(Beginning of Material provided)

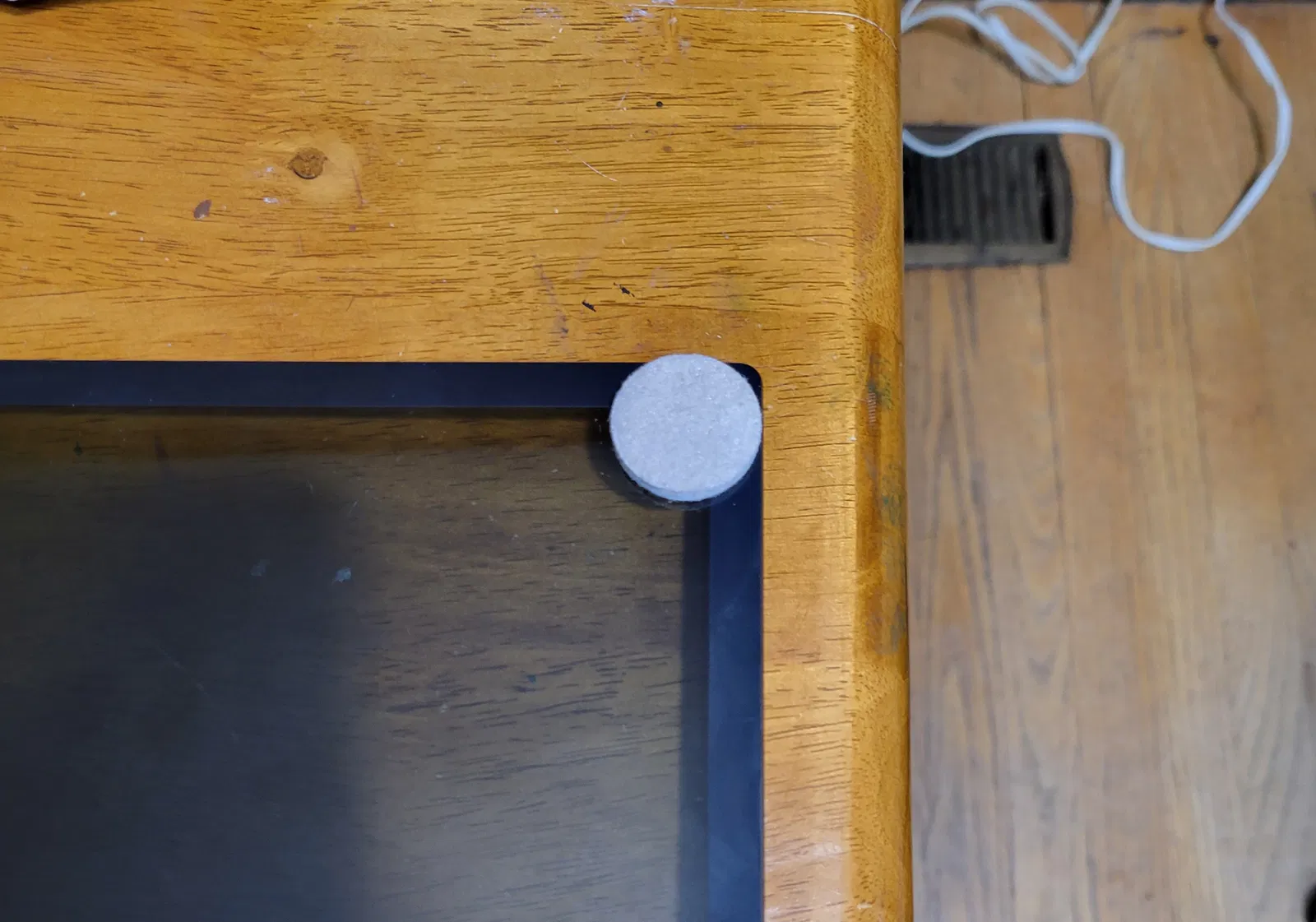 Tao không thích cái tiếng lọc cọc ồn ào của kính chạm vào nhựa in sợi filament. Tao đã đặt mấy cái chân tủ bằng nhựa tròn vô các góc kính để giảm tiếng ồn. Làm vậy thì nó vẫn hơi cao một chút và tao cũng không thích mấy cái khe hở. Bằng cách giảm chiều cao và khoét một cái rãnh trên nắp, giờ thì nó vừa vặn lắm luôn. Không cần in lại mấy cái ray cũ đâu, nó vẫn vừa.
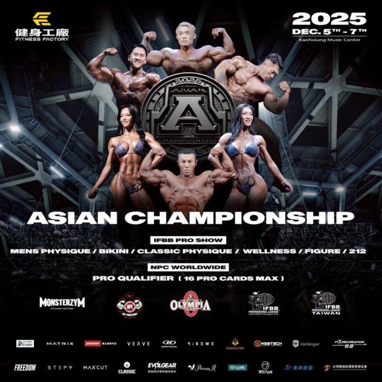 2025年亞洲最受矚目的指標性健美賽事— 《IFBB PRO/NPC WORLDWIDE 亞洲健美錦標賽》(Asian Championship)將於12月5日至7日隆重登場,首次在台灣舉辦,以亞洲最大規模、最強陣容之姿,寫下台灣健美史全新里程碑。其中亞洲健美錦標賽由韓國 Monsterzym、IFBB PRO League Taiwan 與健身工廠Fitness Factory共同主辦,並由IFBB PRO LEAGUE直接授權,是亞洲等級最高、選手最重視的官方殿堂級賽事。2025賽事亦是亞錦賽第二度於亞洲舉行,更是首次進軍台灣,意義非凡。此次賽事亮點,包括職業賽包含212 Bodybuilding、Classic Physique、Men’s Physique、Bikini、Women’s Physique,以及台灣首次舉辦職業組Wellness這6大項目,而業餘賽則是包含傳統健美、古典健美、健體、比基尼、女子形體、健康體態、健身模特兒、女子形體8大項目,本屆將頒發最多16張職業卡(業餘組每項目最多2張),吸引超過20國、逾120位以上精英選手參戰,為亞錦賽歷年規模最大的一屆。
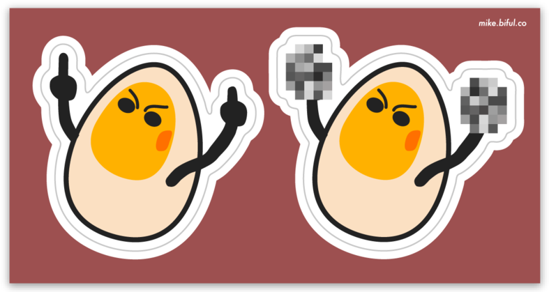 2 2-inch Stickers, one pixelated, and one with middle fingers flying
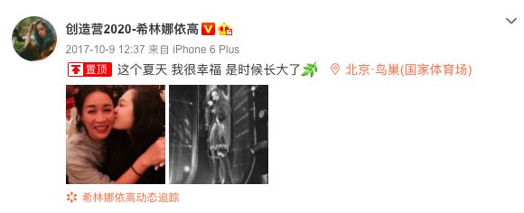 希林娜依·高回忆第一次参加比赛的自己,“初生牛犊不怕虎,在镜头面前也不知道自己在干什么”。但,那却是她人生中最珍贵的三个月,也是她真正的十八岁成人礼。直到如今三年过去,她的微博置顶仍定格于2017年10月9日,她与那英、“小二班”一起站上鸟巢舞台的那一刻。“这个夏天,我很幸福,是时候长大了。”
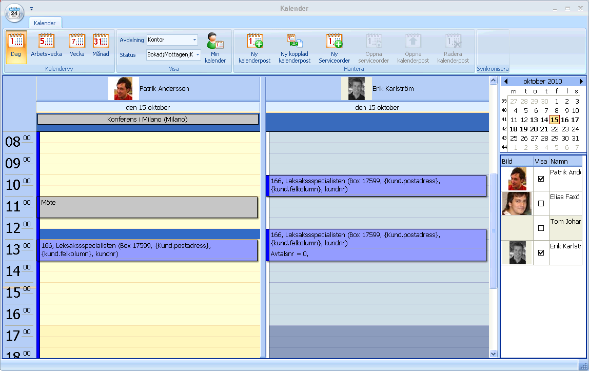 I kalendern kan arbetet planeras och struktureras mellan olika resurser och avdelningar. Serviceordrar kan enkelt kopplas till kalendern vilket är en stor fördel vid tidsplanering.
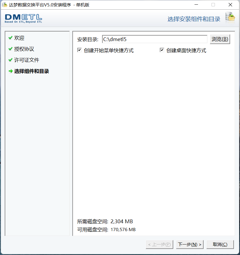 用户可以选择达梦数据交换平台单机版的安装目录。达梦数据交换平台单机版在 Windows 平台默认是安装在 C:\dmetl5 下。
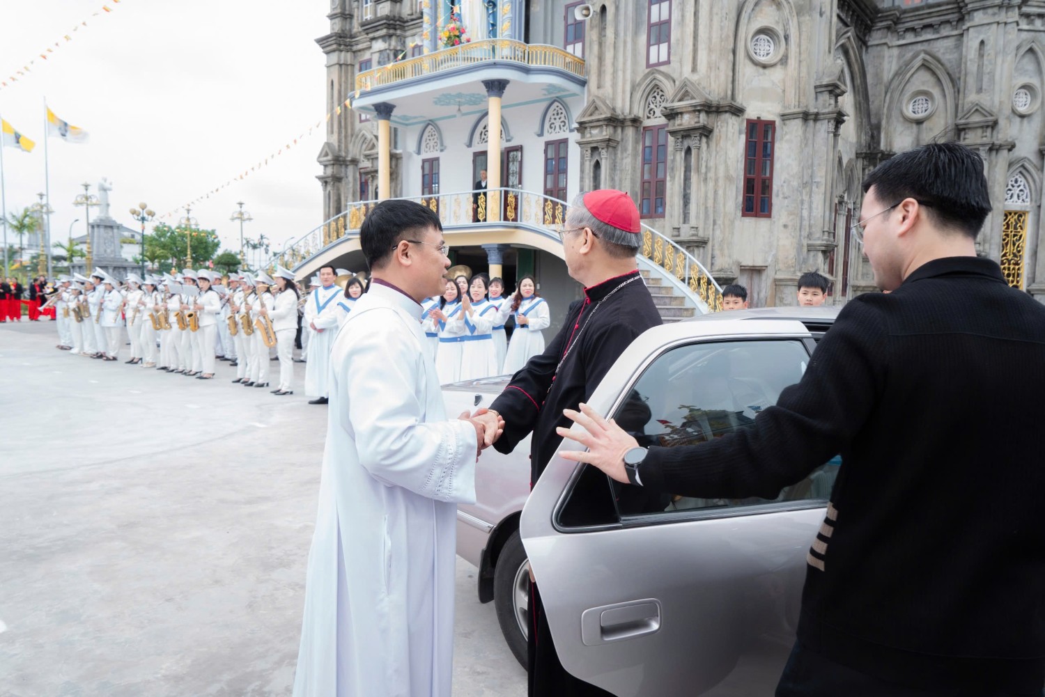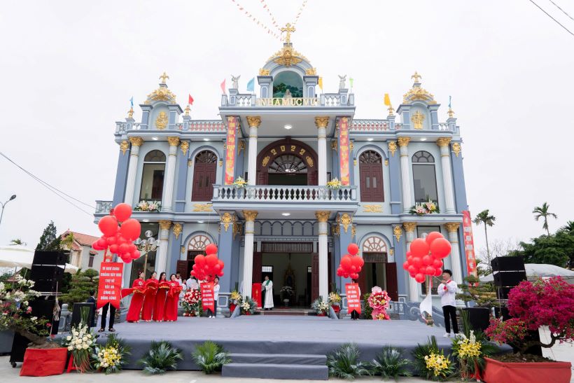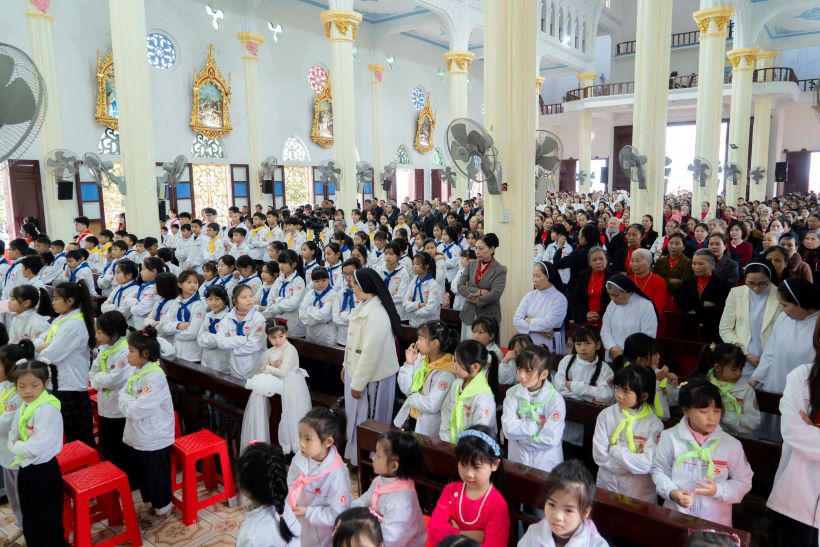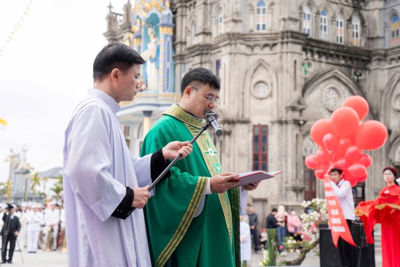 Sau nghi thức làm phép tòa nhà mới, đoàn lễ nghi cùng với các đoàn hội và đông đảo cộng đoàn, giữa tiếng kèn trống rộn rã tưng bừng, hân hoan tiến bước vào trong Thánh đường của Giáo họ, để cùng đến với cao điểm là Thánh lễ Tạ ơn do Đức cha Tôma chủ tế.

(End of Material provided)

**Work task**
Please write out, word for word, each line from the one with "希林娜依·高回忆第一次参加比" to the last line of the data, keeping both ends and omitting pictures.

**Result of this exercise**
 希林娜依·高回忆第一次参加比赛的自己,“初生牛犊不怕虎,在镜头面前也不知道自己在干什么”。但,那却是她人生中最珍贵的三个月,也是她真正的十八岁成人礼。直到如今三年过去,她的微博置顶仍定格于2017年10月9日,她与那英、“小二班”一起站上鸟巢舞台的那一刻。“这个夏天,我很幸福,是时候长大了。”
 I kalendern kan arbetet planeras och struktureras mellan olika resurser och avdelningar. Serviceordrar kan enkelt kopplas till kalendern vilket är en stor fördel vid tidsplanering.
 用户可以选择达梦数据交换平台单机版的安装目录。达梦数据交换平台单机版在 Windows 平台默认是安装在 C:\dmetl5 下。
 Sau nghi thức làm phép tòa nhà mới, đoàn lễ nghi cùng với các đoàn hội và đông đảo cộng đoàn, giữa tiếng kèn trống rộn rã tưng bừng, hân hoan tiến bước vào trong Thánh đường của Giáo họ, để cùng đến với cao điểm là Thánh lễ Tạ ơn do Đức cha Tôma chủ tế.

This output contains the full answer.